An example input could be something like:
0: 1 | 3
1: 'a'
2: 'b'
3: 2 0 | 3 0
ababababb
bbbbaaaa
ab
a
Therefore it’s your job to construct a matcher out of rule-0 and test it against each line, counting the ones that match.
I followed a similar approach to other dynamic-programming problems and constructed a data-recursive map of parsers for each rule:
day19
= show . length . rights
. (\(s,p) -> map (parse p "rules") s)
. (last &&& build . map ((init . head &&& splitOn ["|"] . tail) . words) . head)
. splitOn [""] . lines
where
build :: [(String,[[String]])] -> Parsec String () ()
build r = a ! "0" *> eof
where
a = M.fromList (map g r)
f n@(x:xs)
| isDigit x = a ! n
| otherwise = () <$ string (init xs)
g = second (choice . map (try . mapM_ f))
m ! k = fromJust $ M.lookup k m
This was pretty trivial, however, part-2 allowed the rules to be recursive and my approach no longer worked. The reason why this confounded me for so long is that I really liked my solution for part-1 and saw no reason why I shouldn’t be able to use it for part-2.
It was actually an illuminating exercise to figure out why exactly a parsec-family solution wouldn’t be able to achieve what I wanted. It is a combination of the fact that EOF has to be encoded independently of the rules, and that backtracking can only occur on failure.
In particular:
choice . map (try . mapM_ f))
will recurse on referenced rules and backtrack if they fail, but that isn’t sufficient. They also need to backtrack if they succeed but the overall parser fails due to not consuming the entire line.

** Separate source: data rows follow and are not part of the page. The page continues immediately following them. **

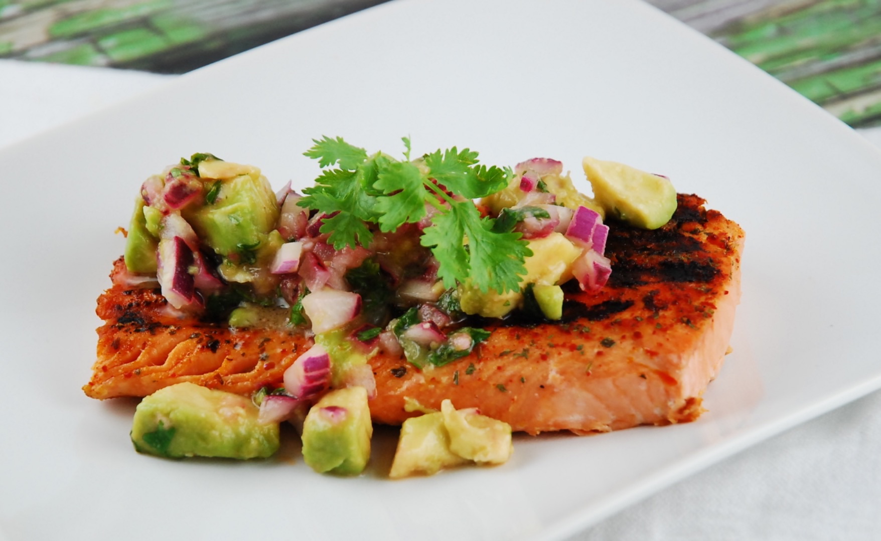 Brush salmon with a little olive oil and sprinkle with Magic Seasoning Blend. Place salmon on hot grill and grill about 5 minutes on each side turning only once until down. Place grilled salmon on platter and top with avocado salsa.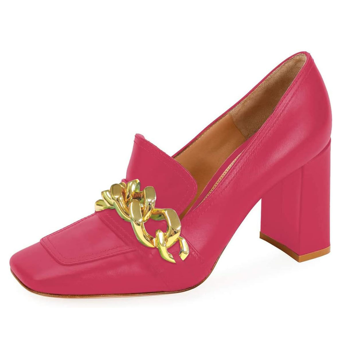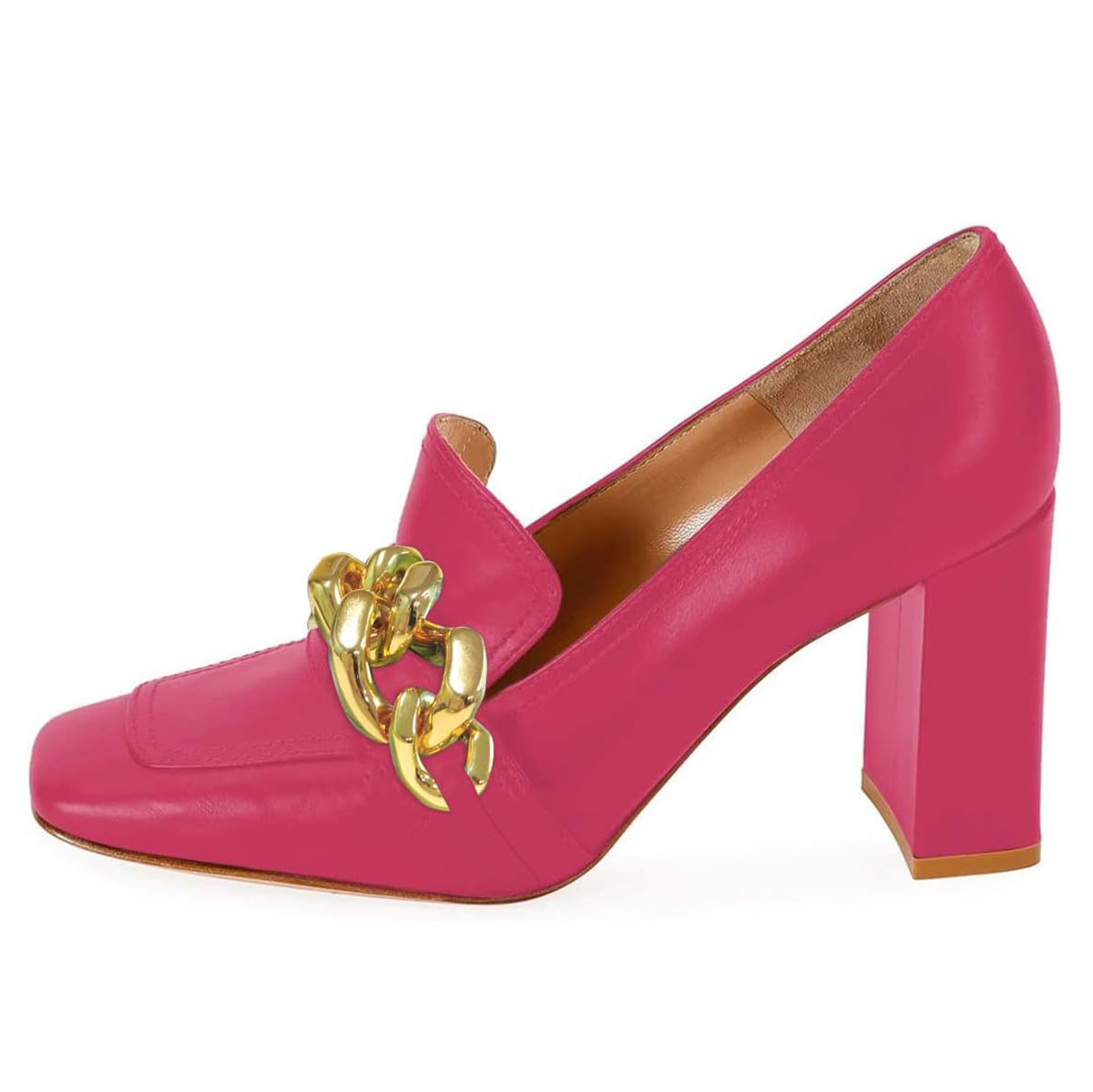 YDN Square Toe Gold Chain Pull-On Loafer Heels in Magenta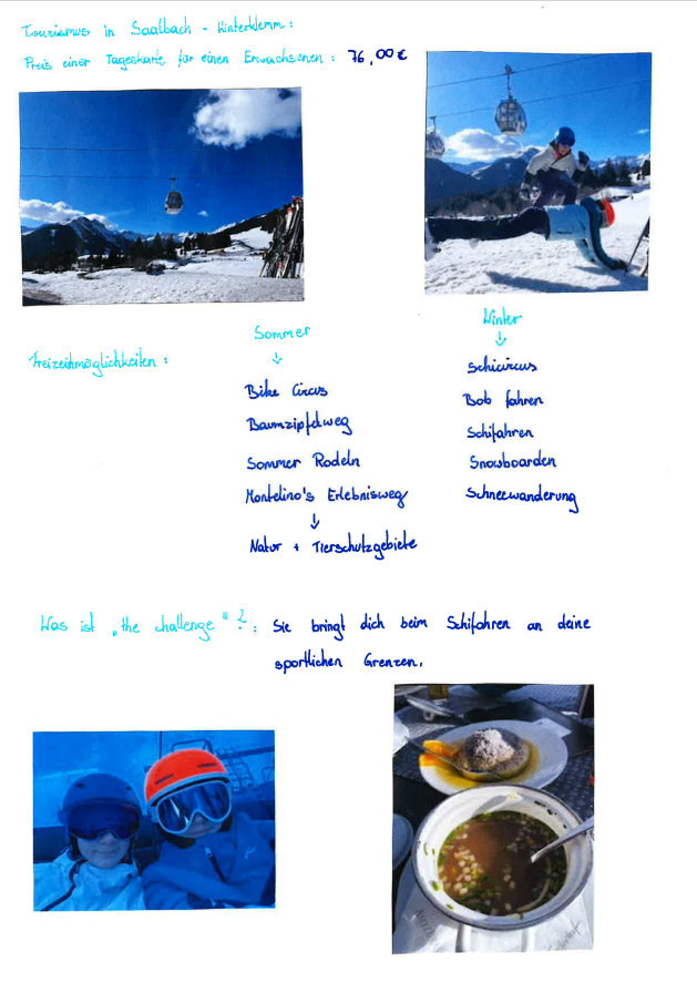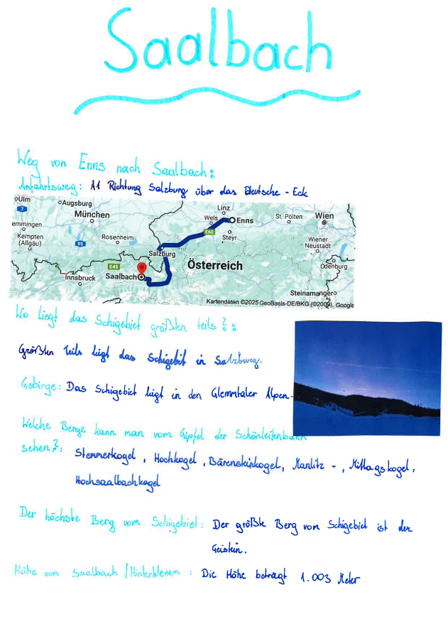 Vom 19. bis zum 24. Jänner verbrachten die dritten Klassen des b{r]g Enns auf der Skiwoche in Saalbach Hinterglemm. Die Fahrt mit dem Bus dauerte um die 3,5 Stunden. In Saalbach angekommen, mussten wir 30 Minuten bis zu unserem Quartier den Berg hinaufgehen. Nach der Ankunft luden wir das Gepäck aus dem Anhänger aus. Dann durften wir endlich aufs Zimmer. Nach dem Abendessen wurden wir in die Gruppen eingeteilt.

This took me on a search for a non-deterministic parser library and after asking around and googling furiously I found Yoctoparsec. A truly tiny (thus the pun in the name) variant of the Parsec family described as:
A monadic parsing library making use of the free monad transformer. All instances are provided by the FreeT monad.
(Pointed out on Reddit - Text.ParserCombinators.ReadP from base
also provides a non-deterministic parser)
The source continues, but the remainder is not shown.